YOUR OBJECTIVE: Within the entries below, output exactly the lines between the line containing "Blue linen Wylie" and the line containing "烏魚子底部有放蒜苗以及蘿蔔片", inclusive, and omit any picture.

───── RAW DATA ─────

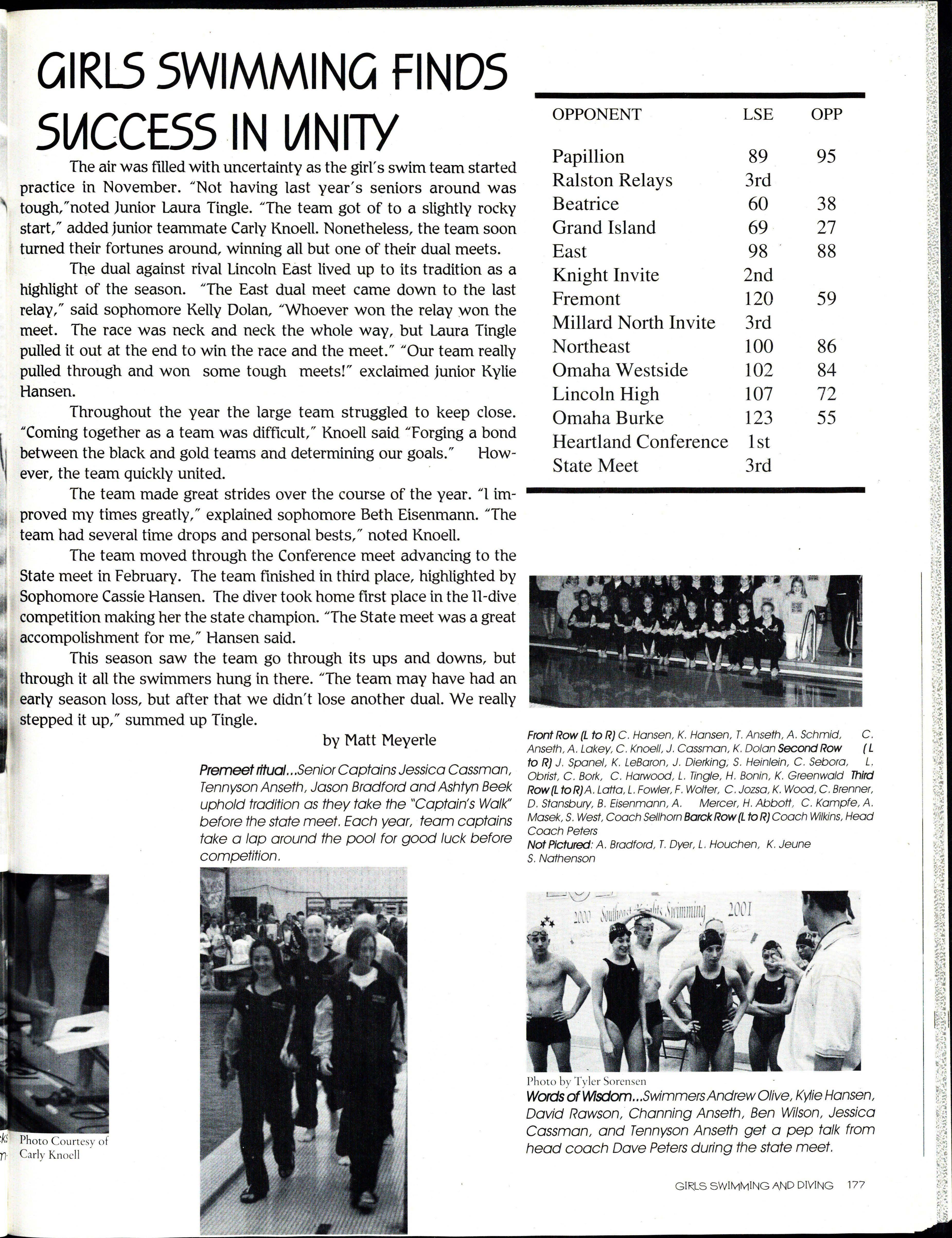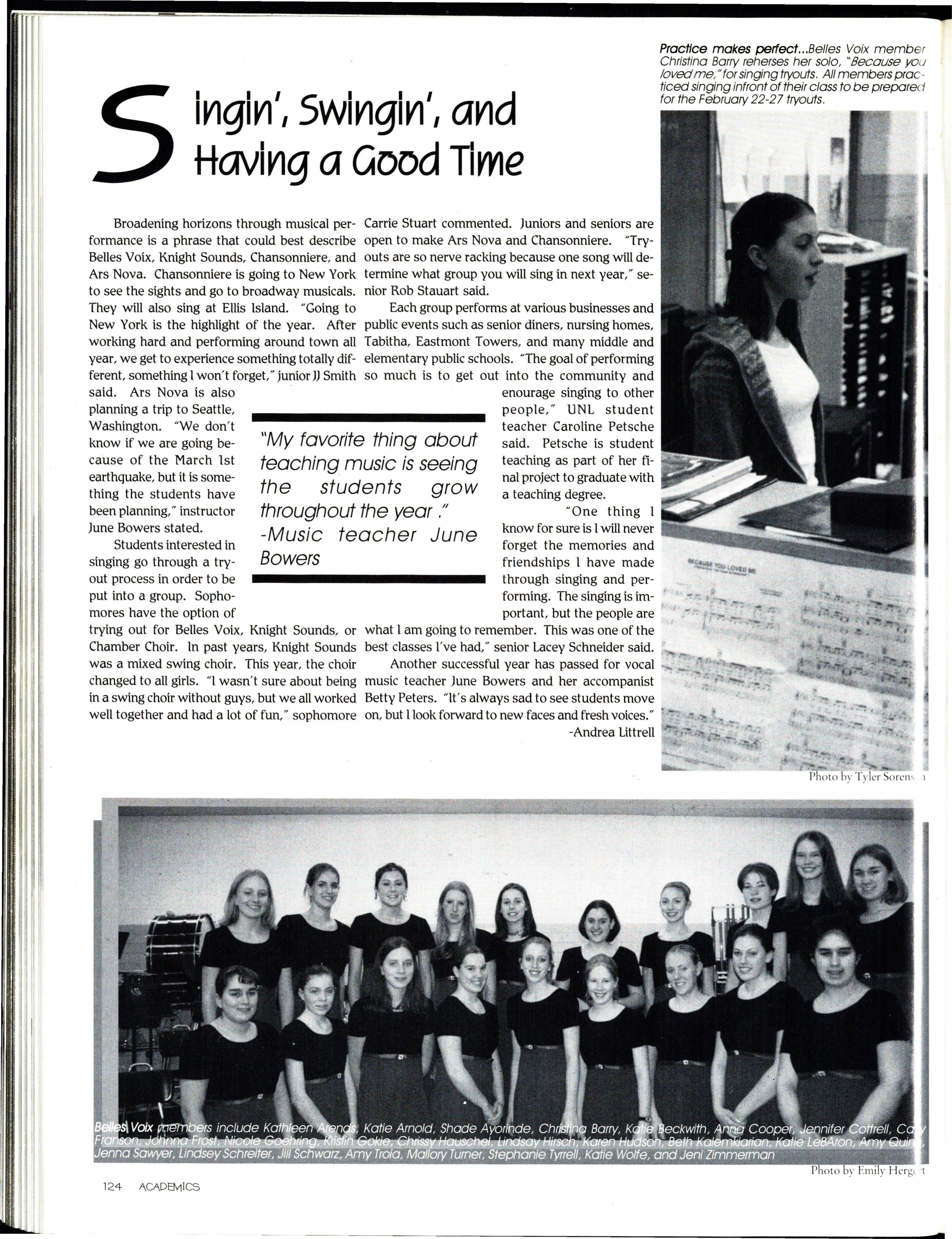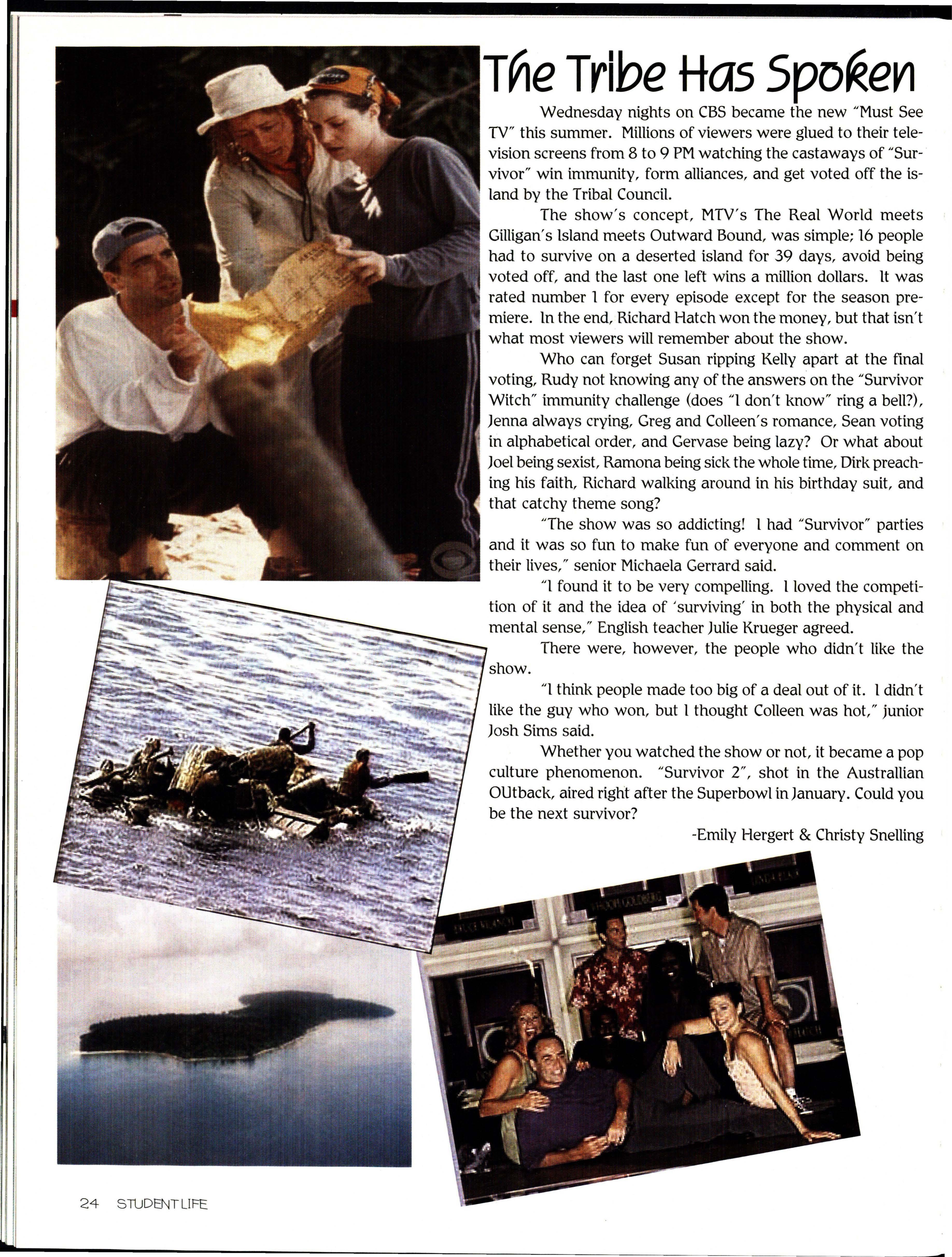 Staff Writers-Candice Bates, Vanessa Brouilette, Kelly Dolan, Brenna James, Cari Lepa, Matt Meyerle , Lynn Perkinton, Barbie Schildt, Laura Vaughn. Advisor -Ann Quinlan
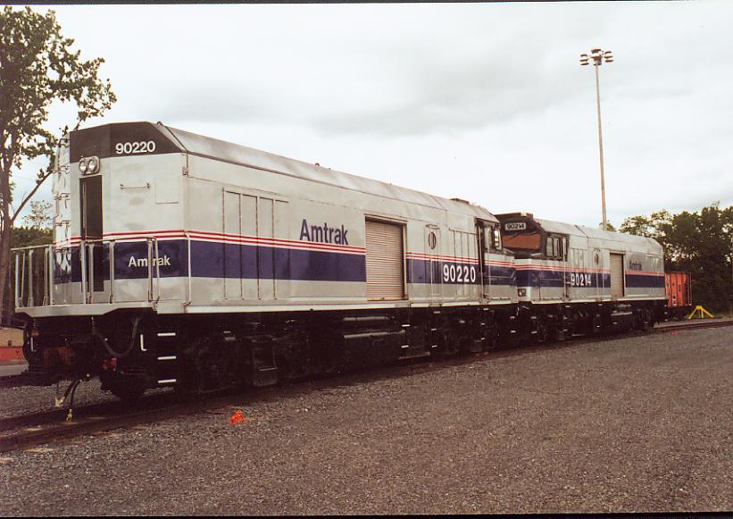 Cabbage 90220 and 90214 Amtrak former F40s, convereted into Cab control/Baggage units AKA "Cabbage" cars, #90220 and 90214 in Albany Rensselaer Summer 2000.
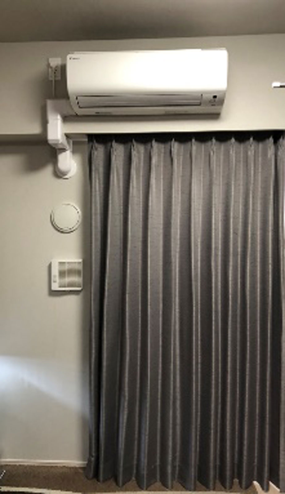 エアコン室内機全体と設置場所がわかるように(天井から床まで)
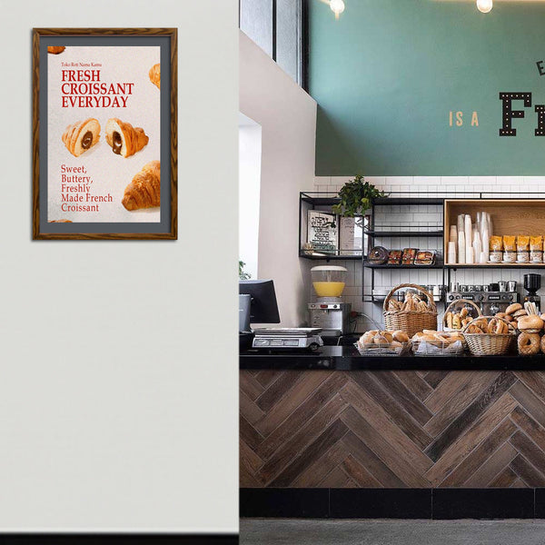 Our same popular SwingSnap poster snap frames with simulated wood wrap now are available with a decorative Mat Board Border. All four sides of the mitered faux wood snap frames 18x18 are spring-loaded to "snap-open". The wall mounted snap frame also described as clip frames or poster grip frames easily snaps down on the Matboard to secure your signage.
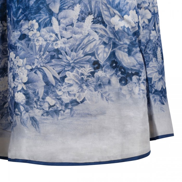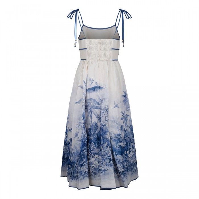 Blue linen Wylie picnic dress from Zimmermann featuring floral motif, midi length, fitted bustier with gathering, shirred back bust, self tie shoulder straps, side pockets, flat piping inserts, concealed zip at centre back.
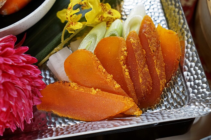烏魚子底部有放蒜苗以及蘿蔔片,可以單吃或是加上蒜苗一起吃都很ok!烏魚子內軟綿密,口口香醇,且油脂及水分依舊保留住,這來自雲林在地的烏魚子更能呈現道地的鮮味!
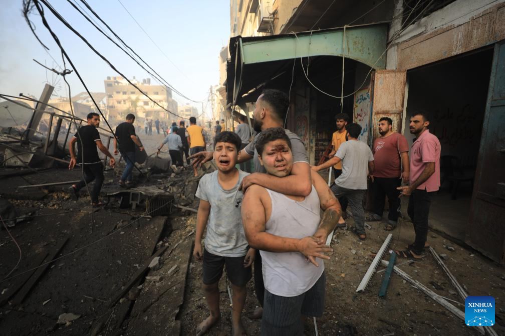 Palestinians are seen after Israeli airstrikes in Gaza City, on Oct. 25, 2023. The death toll of Palestinians from Israeli airstrikes on the Gaza Strip has risen to 6,546, said the Hamas-run Health Ministry in Gaza Strip on Wednesday. Meanwhile, 17,439 Palestinians were wounded in the coastal enclave, the ministry said in a statement. (Photo by Yasser Qudih/Xinhua)

─────

RESULT BELOW:
 Blue linen Wylie picnic dress from Zimmermann featuring floral motif, midi length, fitted bustier with gathering, shirred back bust, self tie shoulder straps, side pockets, flat piping inserts, concealed zip at centre back.
烏魚子底部有放蒜苗以及蘿蔔片,可以單吃或是加上蒜苗一起吃都很ok!烏魚子內軟綿密,口口香醇,且油脂及水分依舊保留住,這來自雲林在地的烏魚子更能呈現道地的鮮味!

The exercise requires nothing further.